Pentikis adds: “Some factors driven by humans are hunting and commercial fishing. Hunting is an action by humans that can influence evolution. When hunters seek out larger prey, they are leaving behind the smaller animals to reproduce. Same goes for commercial fishing. If we continue to fish for the larger fish, we are removing larger fish and causing more small fish to pass on their genes. …Another way humans influence evolution is when we intentionally select animals based on the qualities we want, we end up changing the animal’s genetics from their ancestors.”

Humans don’t get off easy, either.

Humans aren’t immune to evolutionary challenges. In fact, one could argue we have some strong disadvantages and some physical traits that no longer serve much purpose.

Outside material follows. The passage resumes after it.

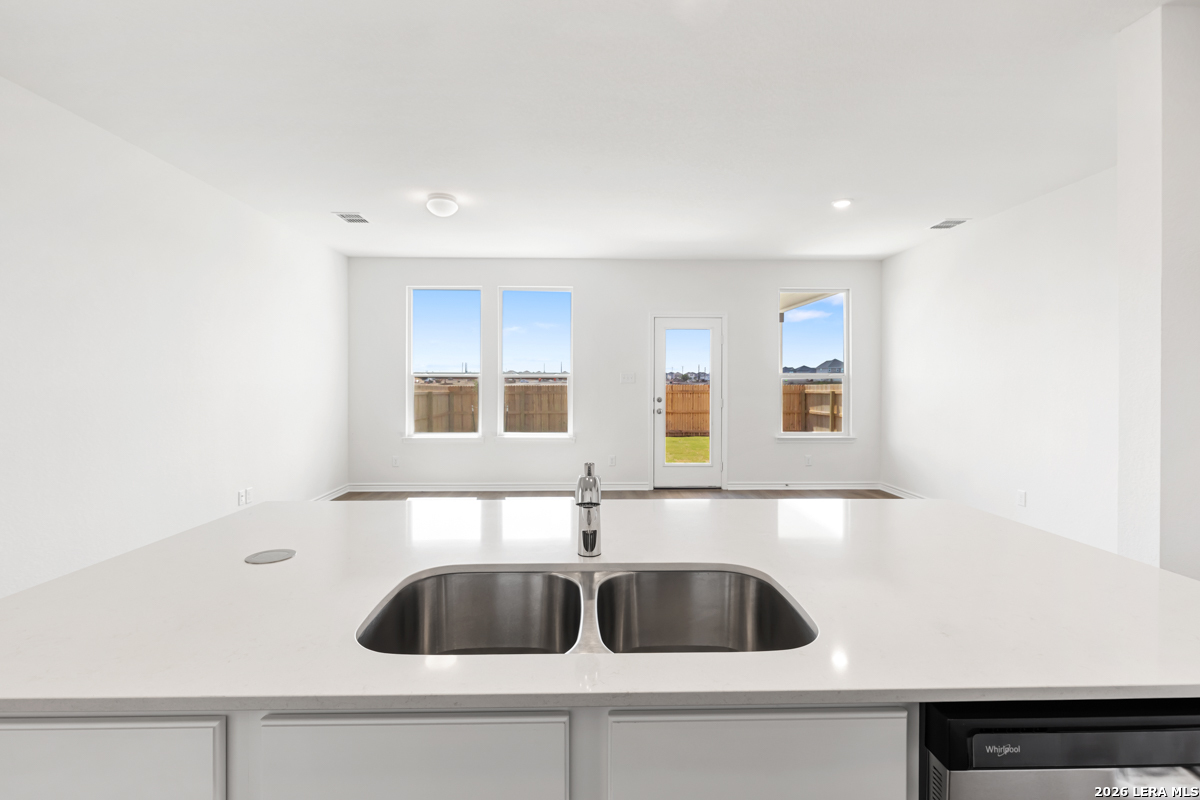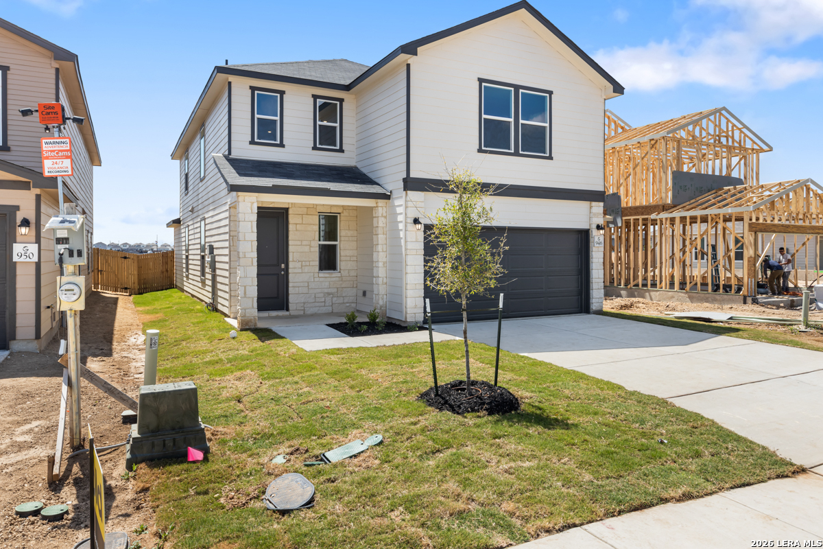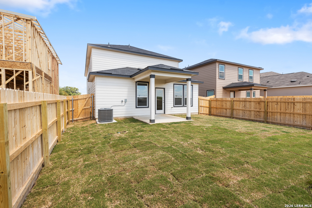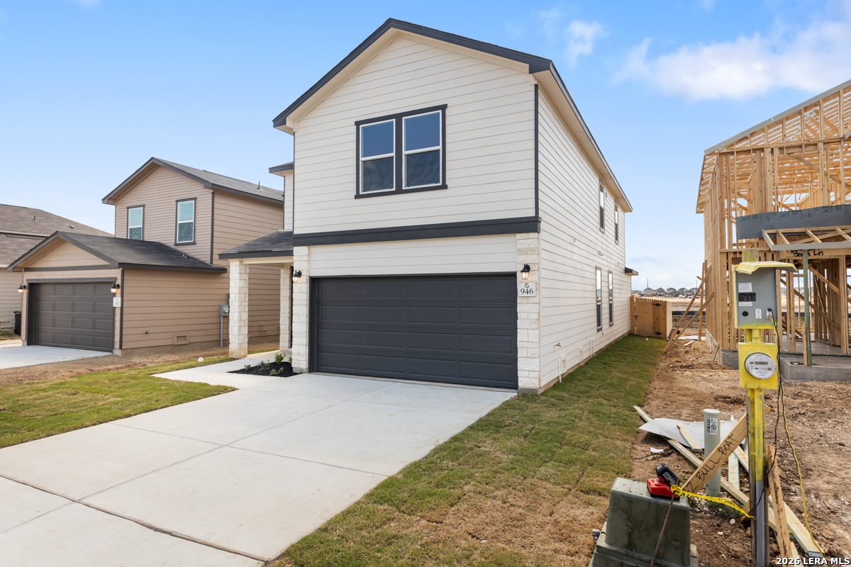 This inviting home features 9-ft. first-floor ceilings that enhance the spacious feel of the main living areas. The kitchen is beautifully appointed with Whirlpool stainless steel appliances, Woodmont Belmont 42-in. upper cabinets, elegant Silestone countertops in Linen Cream, and a complementary Daltile tile backsplash. The primary bath offers a raised vanity and a 42-in. shower with Daltile tile surround for a refined touch. Stylish details include a Carrara-style entry door, Kwikset Polo interior door hardware, Shaw carpet in the bedrooms, and durable vinyl plank flooring in the bathrooms, kitchen, and living room. A covered patio and fully sodded yard complete this well-designed home.

“Are humans keeping disadvantageous genes in our own gene pools? Definitely,” says Jones. “Mostly because of medical intervention like reproductive treatments for infertility, for example. In the wild, people with low fertility rates would be less likely to reproduce and pass on genes, so those genes would diminish in the population. We are interfering with that, no doubt.”

“We have an appendix, which results in little consequence if removed,” Pentikis adds. “Our pinky toes and wisdom teeth no longer serve the same purpose they did for our ancestors. Males have larger Adam’s apples, yet size plays no factor in the protection of our vocal cords.”

The American Association for the Advancement of Science held a 2013 conference called The Scars of Human Evolution, which discussed how a mix of biology and behavior led to various health problems including foot and leg issues like plantar fasciitis, Achilles tendonitis, shin splints, and broken ankles. High infant mortality rates were also brought about by walking upright. As one panel speaker said, “Evolution doesn’t act to yield perfection. It acts to yield function.”

In other words, what may seem like an evolutionary mistake ultimately serves a purpose, even if it seems ridiculous on the surface. Science aims at explaining these strange behaviors and physiological issues to see how we can help all species thrive and survive to their full potential.